However, although the total number of queries asked can be huge, most of the queries may be asked only once or a few times. That is, when a user poses a query, the search engine tries to infer the context of the query using the user's profile and his query history in order to return more customized answers within a small fraction of a second. Suppose a search engine wants to provide context-aware query recommendations. Third, Web search engines often have to deal with queries that are asked only a very small number of times.

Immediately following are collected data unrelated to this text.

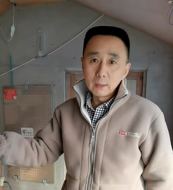 我的鸽棚有点简陋,因为建的时间比较早,一直延续在用。墙上挂着的是我弄的加热板,我一共弄了三块加热板,并配了温度计,冬天特别冷的时候我会根据温度来决定是开一块还是两块,始终保持鸽舍里面的温度不低于零下六七度,因为咱们沈阳这边冬天最冷的时候零下二三十度,鸽子受不了。
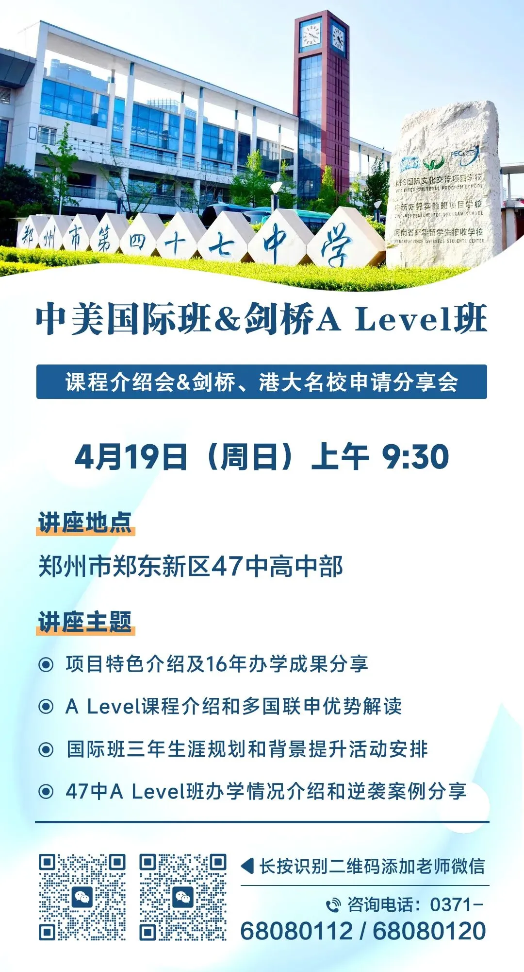 郑州市第四十七高级中学中美项目设有“中美国际班”和“剑桥A Level班”两种班型,引进“美高+AP”和“A LEVEL”两大主流国际课程体系,开设托福、雅思及SAT等标化考试课程,为不同留学方向需求的学生提供了丰富多样的选择。
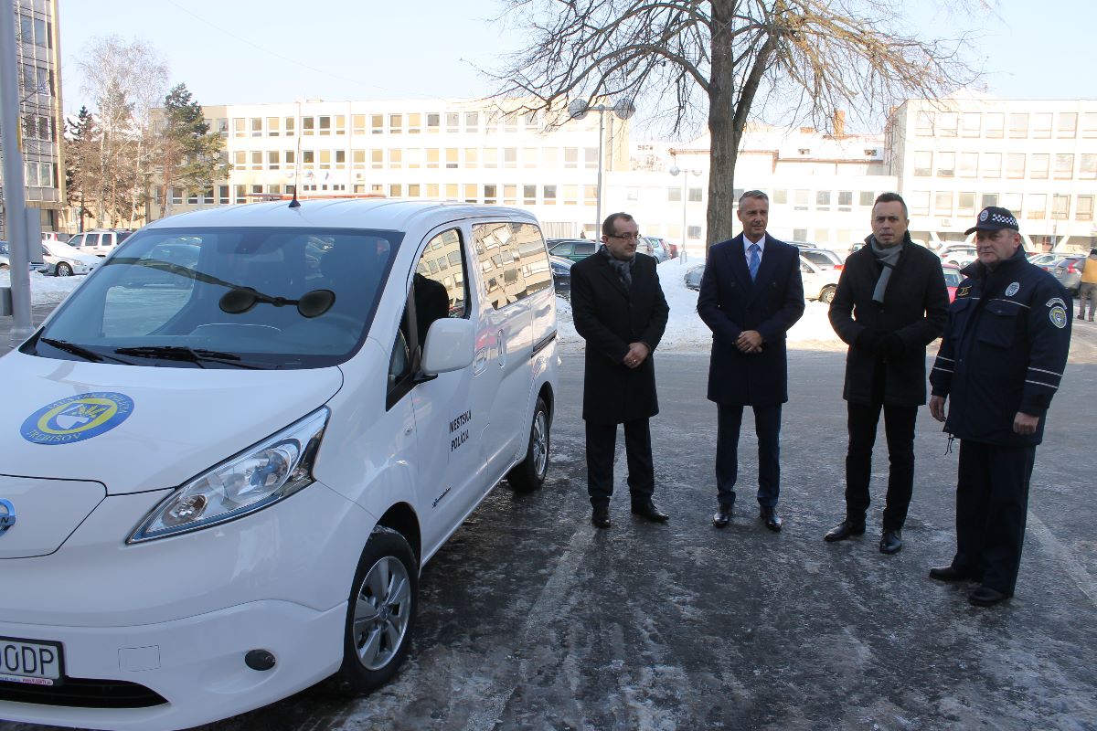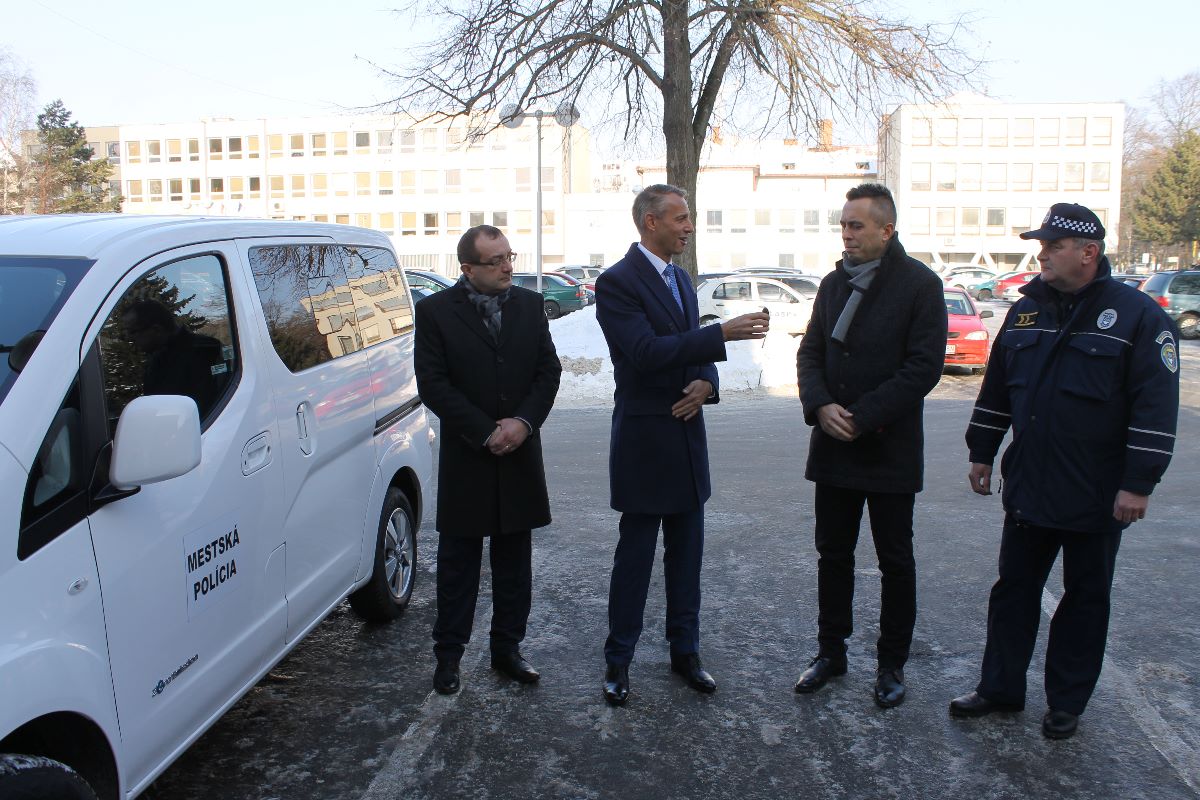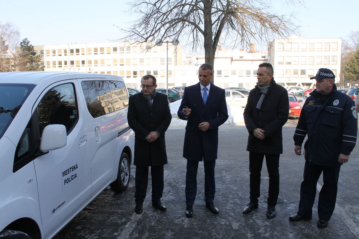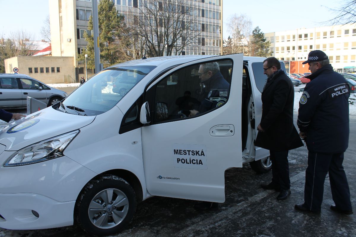 Nové 5-miestné plne elektrické vozidlo zn. NISSAN e-NV200 s ABS s brzdovým asistentom a EBD, prednými halogénovými svetlometmi s nastavením výšky a rekuperačným elektro-hydraulickým brzdovým systémom posilní vozový park mestskej polície. Ekologicky výhodný automobil mesto zakúpilo od spoločnosti AUTOSPOL VLASATÝ, spol. s r. o. Košice.
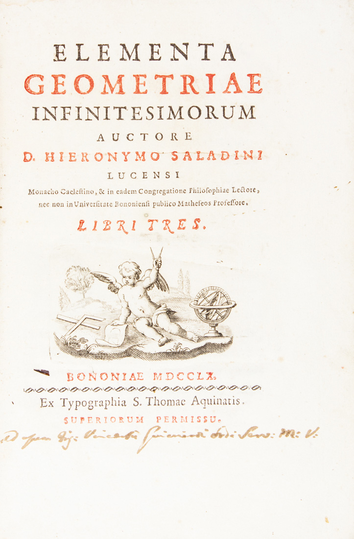Lot 313 | Saladini Girolamo, Elementa geometriae infinitesimorum...Bononiae: ex...
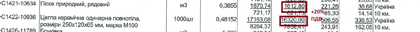 Цеглу керамічну одинарну повнотілу марки М100 (250х120х65 мм) у кошторисі прописали по 19 584 грн за тисячу штук, тоді як її ринкова вартість нижча відсотків на 50-60%: від 7 900 грн/1000 шт до 8 400 грн/1000 шт.
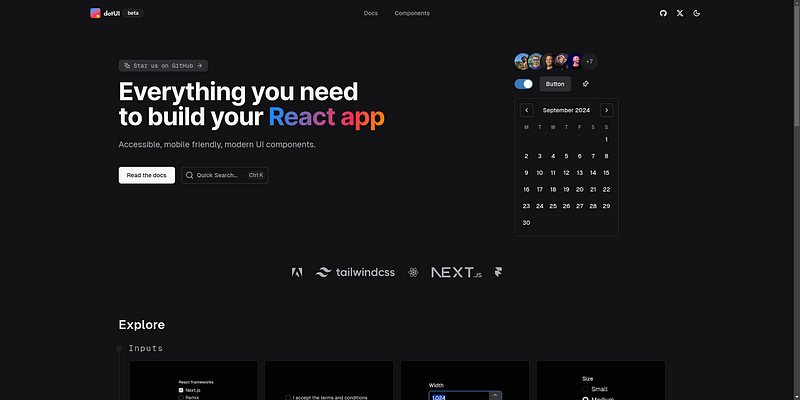 Dot UI 也是开源可重用组件的集合,与其他库类似。它提供了可访问、适合移动设备的现代 UI 组件,让你的应用在各种设备上都能有出色的表现。
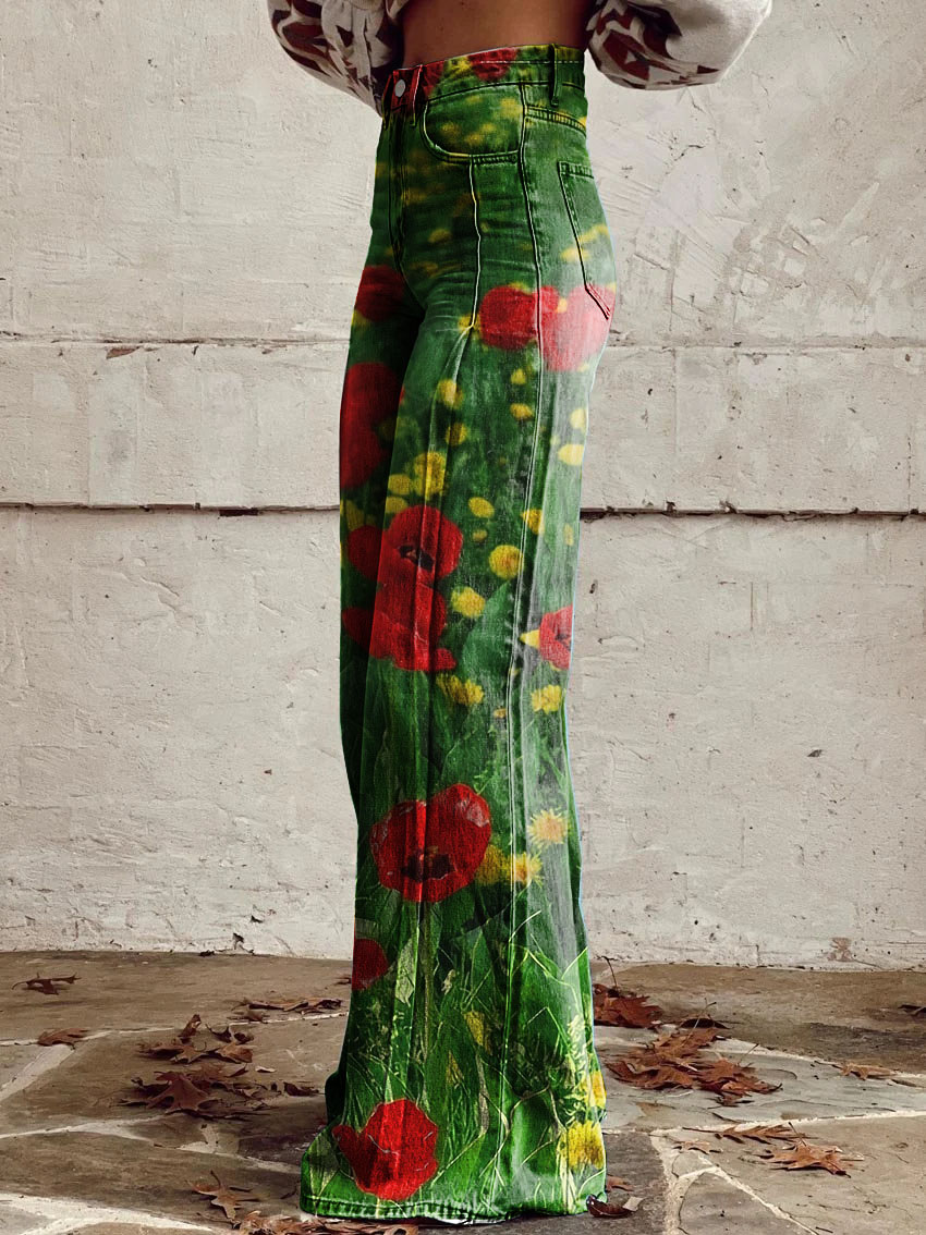 Women's Retro Poppy Print Casual Wide Leg Pants
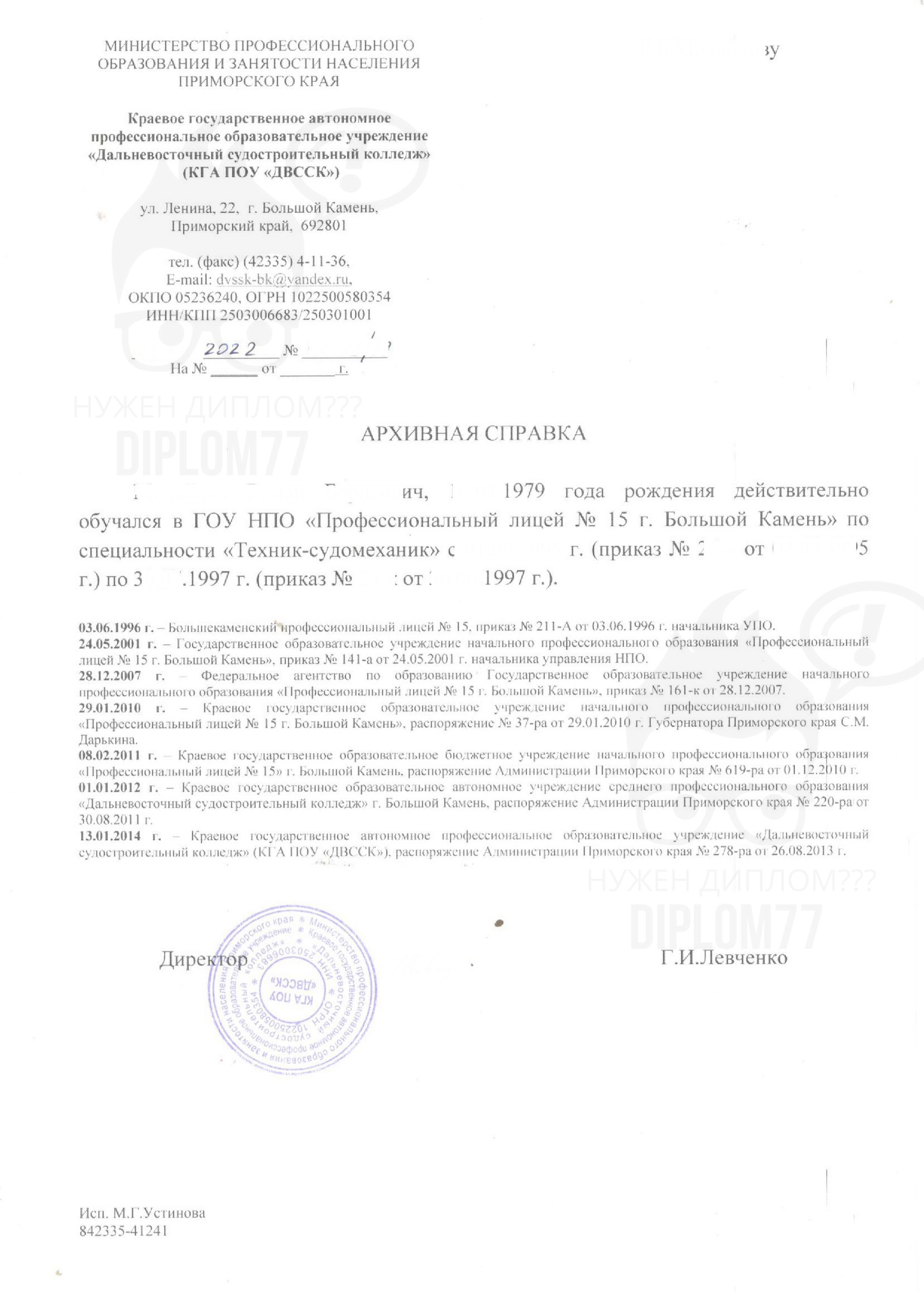 Наша компания «Диплом77» может сделать вам любые архивные справки из архивов России и других стран. Постоянно пополняем нашу базу образов различных учреждений. Всегда готовы сделать архивную справку по вашему образцу.
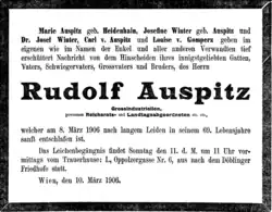 - ↑ a b c d Bývalý poslanec Rudolf Auspitz zemřel. Národní listy. Březen 1906, roč. 46, čís. 67, s. 1. Dostupné online.
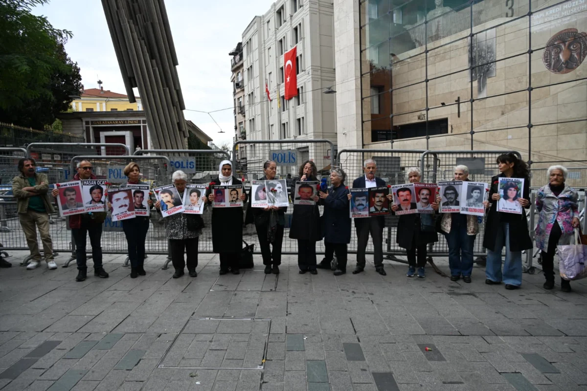 “1074.haftamızda, hakikat ve adalet arayışımızın kalbi olan Galatasaray Meydanı’ndan, bizi ayıran polis bariyerlerinin önündeyiz. Bu bariyerler, yalnızca bizi Galatasaray Meydanı’ndan ayırmakla kalmıyor; aynı zamanda toplanma özgürlüğümüze ve kayıplarımızı arama mücadelemize de engel oluşturuyor.
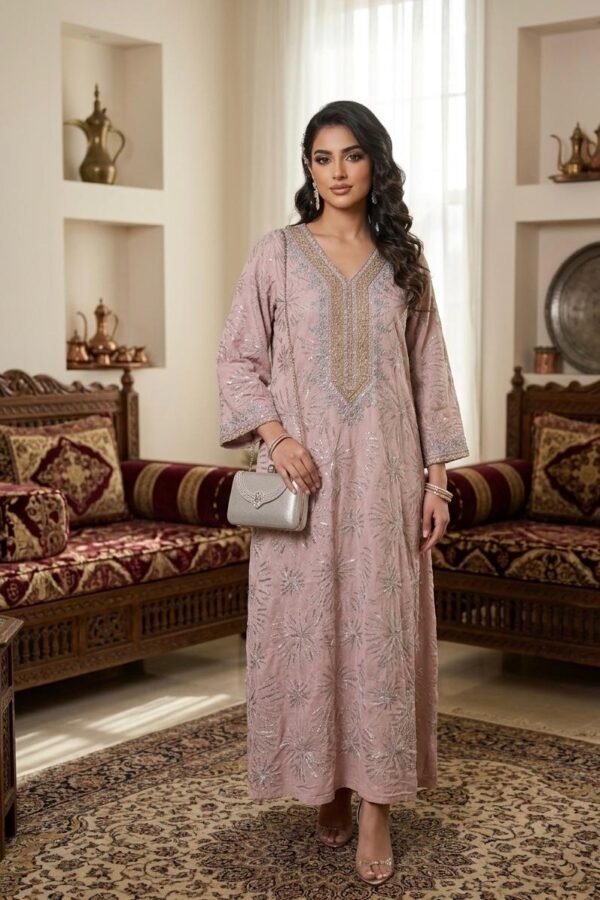 لا تفوتي الفرصة لاقتناء جلابيه فاخره لون تفني بكرستال ذهبي لامع للمناسبات التي تضمن لكِ أناقة عصرية وإطلالة تبقى في الذاكرة. احصلي عليها الآن واجعلي من كل مناسبة لحظة مميزة بامتياز!

#Which one of the followings cannot be searched with google’s specialized search engine? Offline
Most of the existing model training methods are offline and static and thus cannot be used in such a scenario.
For example, a query classifier may need to be incrementally maintained continuously since new queries keep emerging and predefined categories and the data distribution may change. Whether a model is constructed offline, the application of the model online must be fast enough to answer user queries in real time.Īnother challenge is maintaining and incrementally updating a model on fast-growing data streams. To do this, it may construct a query classifier that assigns a search query to predefined categories based on the query topic (i.e., whether the search query “apple” is meant to retrieve information about a fruit or a brand of computers). A search engine may be able to afford constructing a model offline on huge data sets. Second, Web search engines often have to deal with online data. Scaling up data mining methods over computer clouds and large distributed data sets is an area for further research. Instead, search engines often need to use computer clouds, which consist of thousands or even hundreds of thousands of computers that collaboratively mine the huge amount of data. Typically, such data cannot be processed using one or a few machines. First, they have to handle a huge and ever-growing amount of data. Search engines pose grand challenges to data mining. Various data mining techniques are used in all aspects of search engines, ranging from crawling 5 (e.g., deciding which pages should be crawled and the crawling frequencies), indexing (e.g., selecting pages to be indexed and deciding to which extent the index should be constructed), and searching (e.g., deciding how pages should be ranked, which advertisements should be added, and how the search results can be personalized or made “context aware”). Web search engines are essentially very large data mining applications. Search engines differ from web directories in that web directories are maintained by human editors whereas search engines operate algorithmically or by a mixture of algorithmic and human input.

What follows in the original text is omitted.